*** Input data ***
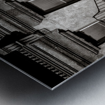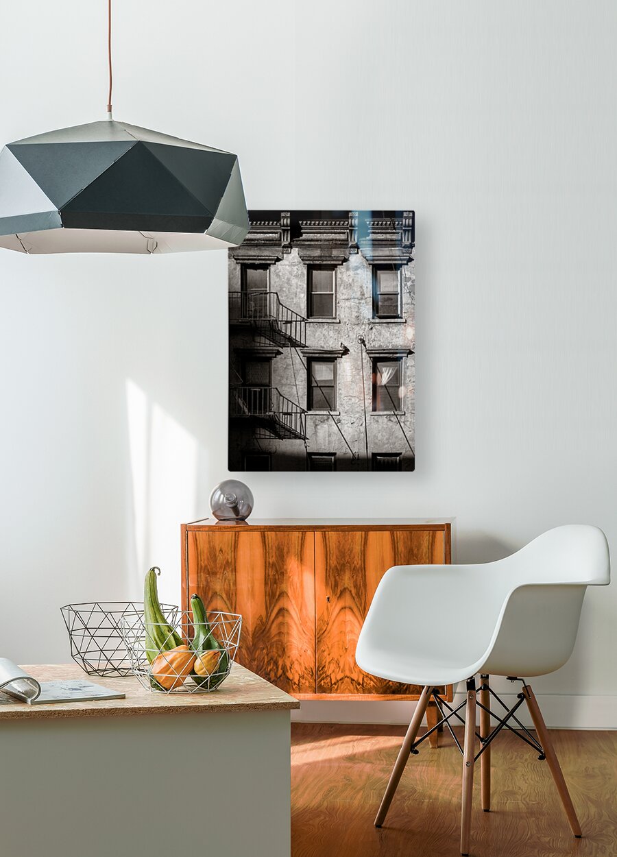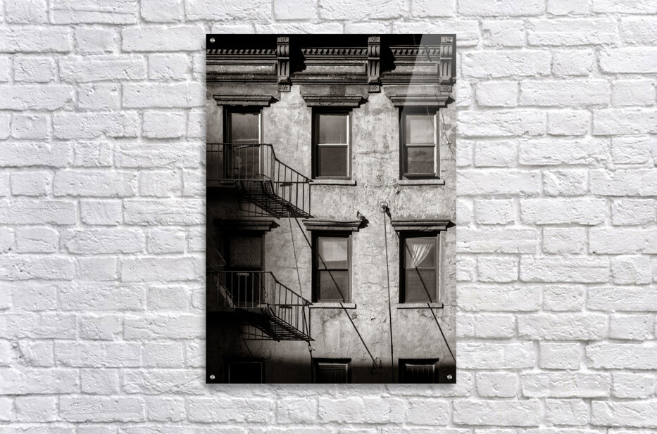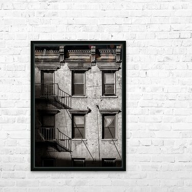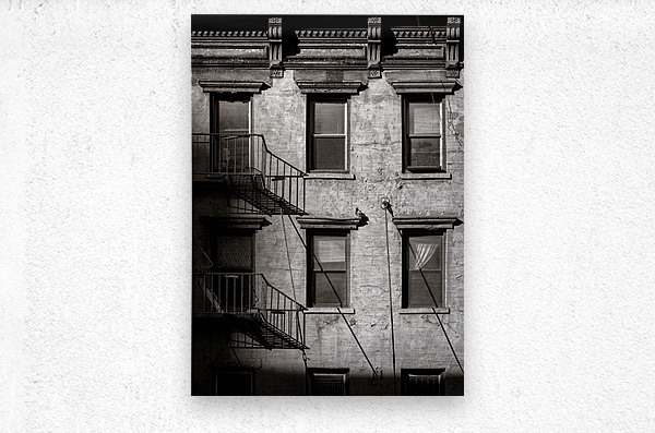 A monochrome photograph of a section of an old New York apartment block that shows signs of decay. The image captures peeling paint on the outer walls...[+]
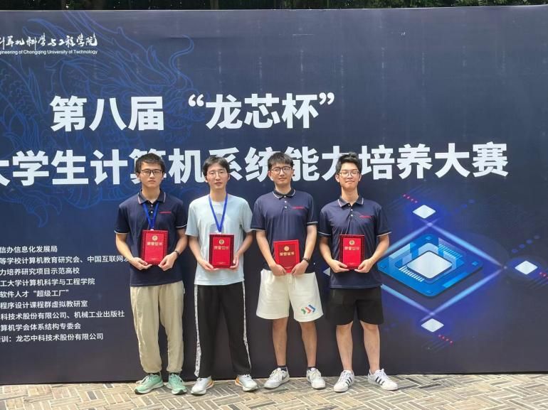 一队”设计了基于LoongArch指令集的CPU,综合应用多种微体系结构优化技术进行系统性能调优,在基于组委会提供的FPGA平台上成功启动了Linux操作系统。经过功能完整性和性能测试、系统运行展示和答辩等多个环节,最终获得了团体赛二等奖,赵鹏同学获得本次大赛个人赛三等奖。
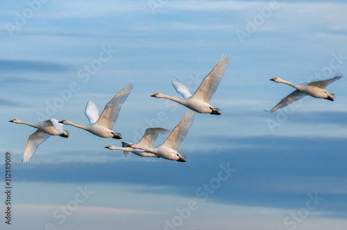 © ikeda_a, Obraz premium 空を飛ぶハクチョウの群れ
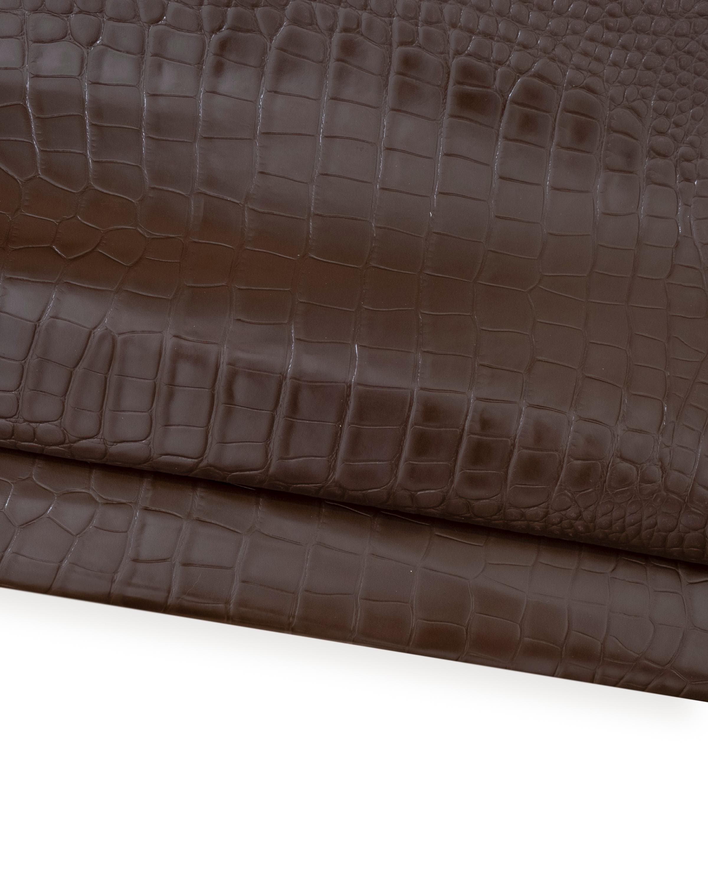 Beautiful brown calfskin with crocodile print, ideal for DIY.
*** End of Input data ***
_What is required_: Transcribe each line above exactly, pictures excluded.

_Response for this exercise_:
 A monochrome photograph of a section of an old New York apartment block that shows signs of decay. The image captures peeling paint on the outer walls...[+]
 一队”设计了基于LoongArch指令集的CPU,综合应用多种微体系结构优化技术进行系统性能调优,在基于组委会提供的FPGA平台上成功启动了Linux操作系统。经过功能完整性和性能测试、系统运行展示和答辩等多个环节,最终获得了团体赛二等奖,赵鹏同学获得本次大赛个人赛三等奖。
 © ikeda_a, Obraz premium 空を飛ぶハクチョウの群れ
 Beautiful brown calfskin with crocodile print, ideal for DIY.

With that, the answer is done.